The distinctive trade-off
The equal-sector-weight approach differs from equal-weight strategies that weight individual stocks equally, which require constant, expensive rebalancing among five hundred holdings. EQL rebalances only at the sector level, making it less costly to operate while still capturing the core benefit: systematic exposure to whatever sectors have fallen out of favor.
This matters for costs. The fund’s expense ratio is low enough that it can be competitive with straight market-cap-weighted index funds even though it is actively managed. That low cost depends on the quarterly rebalance remaining orderly and transparent, which ALPS has maintained.

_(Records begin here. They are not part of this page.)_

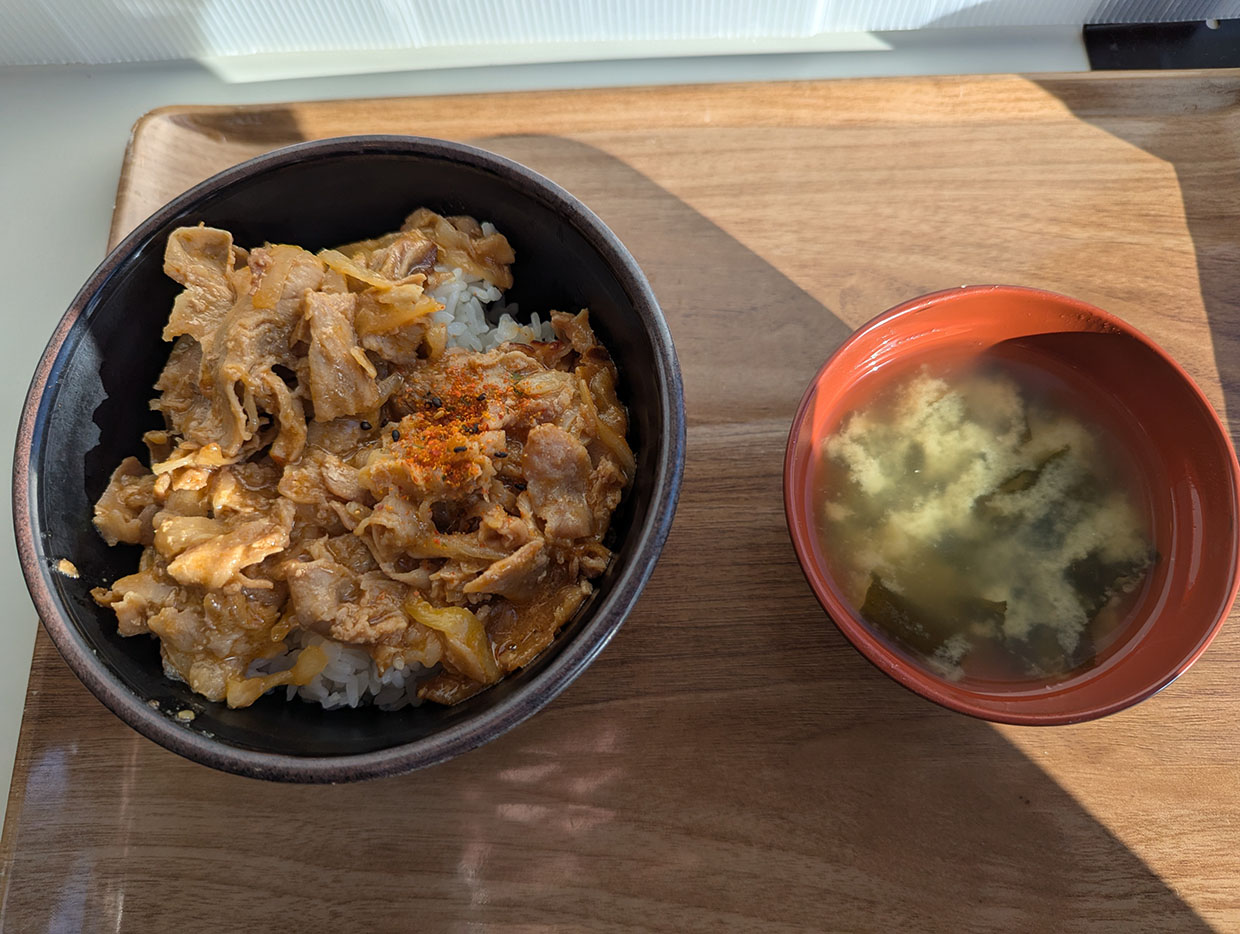 大学の学食で辛味噌豚丼と味噌汁をいただく。
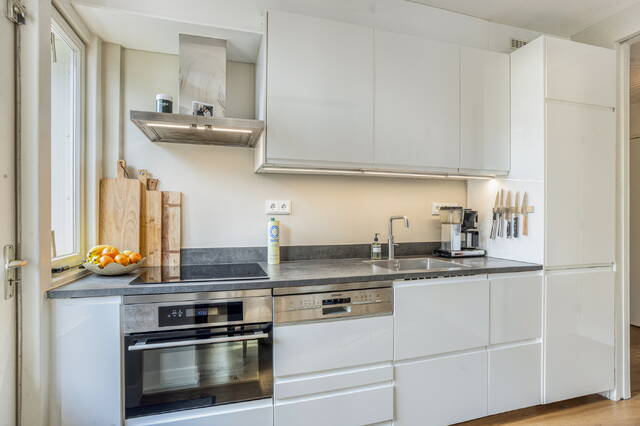 Zodra je de voordeur openduwt, voel je meteen dat hier met zorg aan gewerkt is. In 2021 is het appartement volledig gerenoveerd: van de vloer tot het plafond, van de keuken tot de badkamer, alles is vernieuwd. Geen gebarsten tegels, geen verouderde elektra, geen krakende planken. De warme houten vloer loopt door het hele appartement en geeft elke ruimte een gevoel van samenhang en gezelligheid. De lichtinval is goed, de afwerking is hoogwaardig en het geheel straalt een rustige luxe uit die je ook na jaren wonen nog zult waarderen.
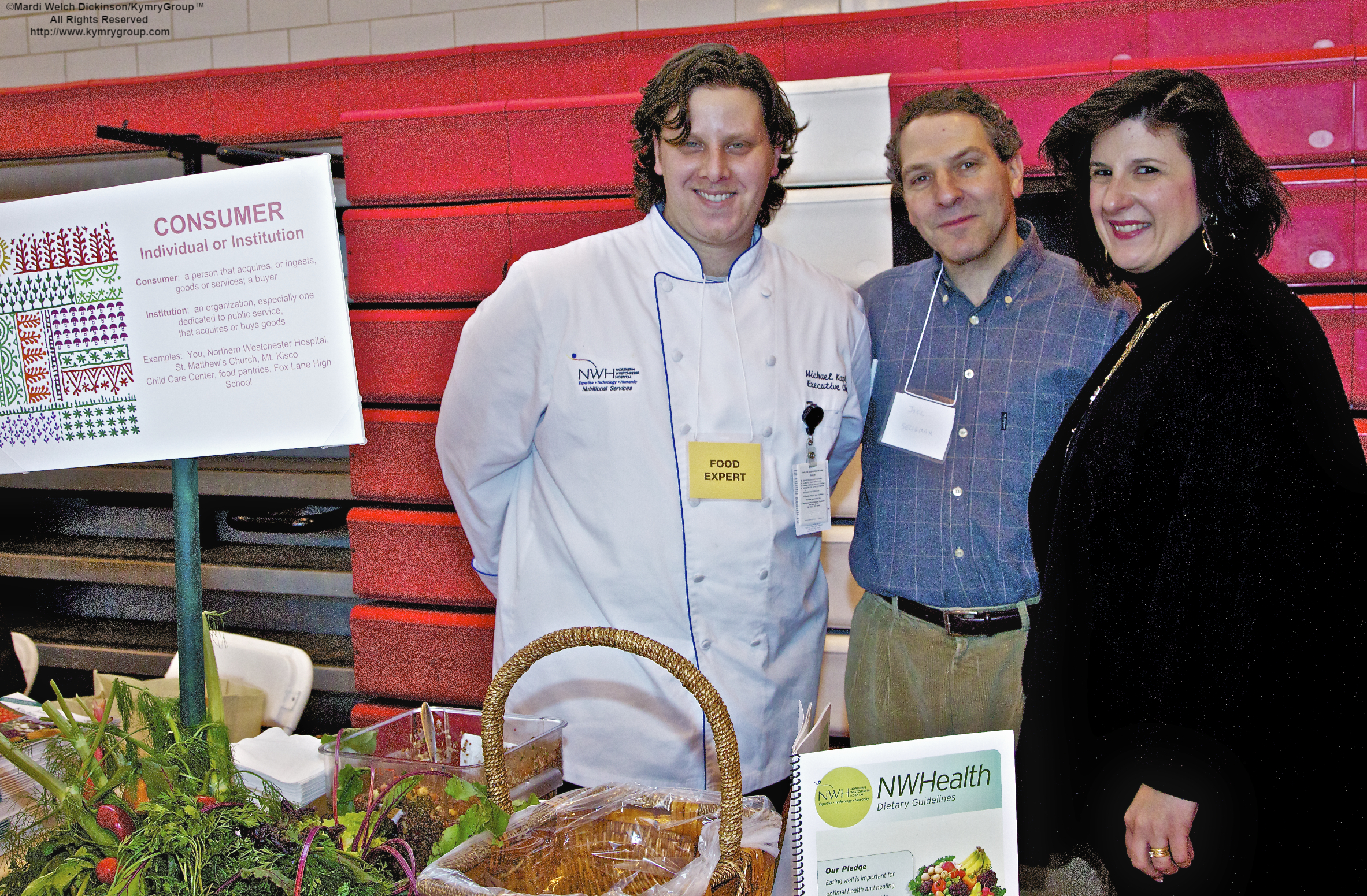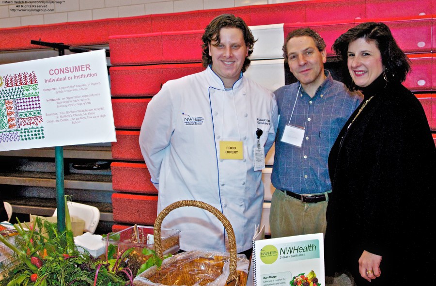Expo, l. to r. Michael Kaplan, NWH Executive Chef, Joel Seligman, President & CEO of Northern Westchester Hospital, Maria Hale V/P of Patient Advocacy Nothern Westchester Hospital. Bedford 2020, Environmental Action Day, Fox Lane High School, Bedford, New York. ©Mardi Welch Dickinson/Kymry GroupTM All Rights Reserved.

When equal weighting works and when it does not
From roughly 2003 to 2006, equal-sector weighting delivered substantial outperformance as it favored Energy and Materials when those sectors were in deep disfavor and before their commodities boom. From 2009 to 2019, it underperformed, because it forced the fund to trim Technology just as that sector was becoming dominant and profitable. From 2020 onward, the results have been mixed, as the fund’s tilt toward beaten-down sectors has sometimes caught genuine recoveries and sometimes meant selling into genuine collapses.
The broader lesson is that equal weighting works only if market-cap weighting has genuinely gotten something wrong — that is, if sectors that are small have been unfairly penalized or sectors that are large have been artificially inflated. For stretches when market valuations are reasonable and sectors are sized according to their actual economic weight, the constant rebalancing is a drag. For periods of extreme concentration, it can be a useful corrective.
Research and risks
Anyone considering EQL should look at how its sector weighting has diverged from market-cap weighting over time, and whether that divergence would have created or destroyed wealth in their intended holding period. The fund’s quarterly rebalance is transparent and published in advance, and the holdings are public — there is no hidden strategy. The primary risk is not opacity but mismatch: that the investor’s belief that sectors are persistently mispriced does not correspond to what markets actually reward.
Because EQL holds all five hundred S&P 500 constituents, it faces the same broad market risks as any large-cap US equity index — sector concentration, macroeconomic sensitivity, interest-rate exposure — but with an active overlay that cuts both ways.